Khan's family had left for Pakistan following the end of 1971 Indo-Pakistan War. Khan had become a fierce nationalist. Pakistan's President Bhutto supported Khan and he constructed a nuclear plant in the foothills of the Himalayas. Dutch enquiries in the 1980s finally revealed what Khan was doing but he gets off on a technicality. The U.S. overlooks Khan's program in order to gain Pakistani support against the USSR in Afghanistan. Khan acquires missile technology from China and extends his network into the Middle East.
UN Weapons Inspectors in Iraq uncover documents implicating Khan in nuclear trading but the West fails to act. Khan continues his trade amassing a huge personal fortune and becomes a hero following the detonation of Pakistan's first bomb.
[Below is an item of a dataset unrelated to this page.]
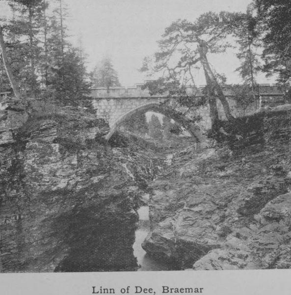 and ragged, gnarled Scots firs to the Linn of Dee, 6-3/4 miles above Braemar. There is no great fall at the Linn, but here the channel of the river becomes suddenly contracted by great masses of rock and the water rushes through a narrow gorge only four feet wide. The pool below is deep and black and much overhung with rocks. For 300 yards stretches this natural sluice, formed by rocks with rugged sides and jagged bottom, the water racing past in small cascades.

A joint CIA/MI6 task force uncovers Khan's dealings with Libya but are unable to move as Pakistani support is again needed in the post-9/11 Invasion of Afghanistan. UN Weapons Inspectors in Iran uncover further evidence implicating Khan, which the Iranians confirm.
The task force targets Khan's network with a double agent and intercept a shipment of centrifuges to Libya. Muammar al-Gaddafi agrees to cooperate with UN Weapons Inspectors and the full extent of Khan's capabilities are revealed. Khan's deputy Tehir is arrested and interrogated in Malaysia and confesses. Pakistani authorities deny any knowledge of Khan's network and he is arrested and forced to confess on live television. Khan remains under house arrest in Pakistan where his secrets are protected.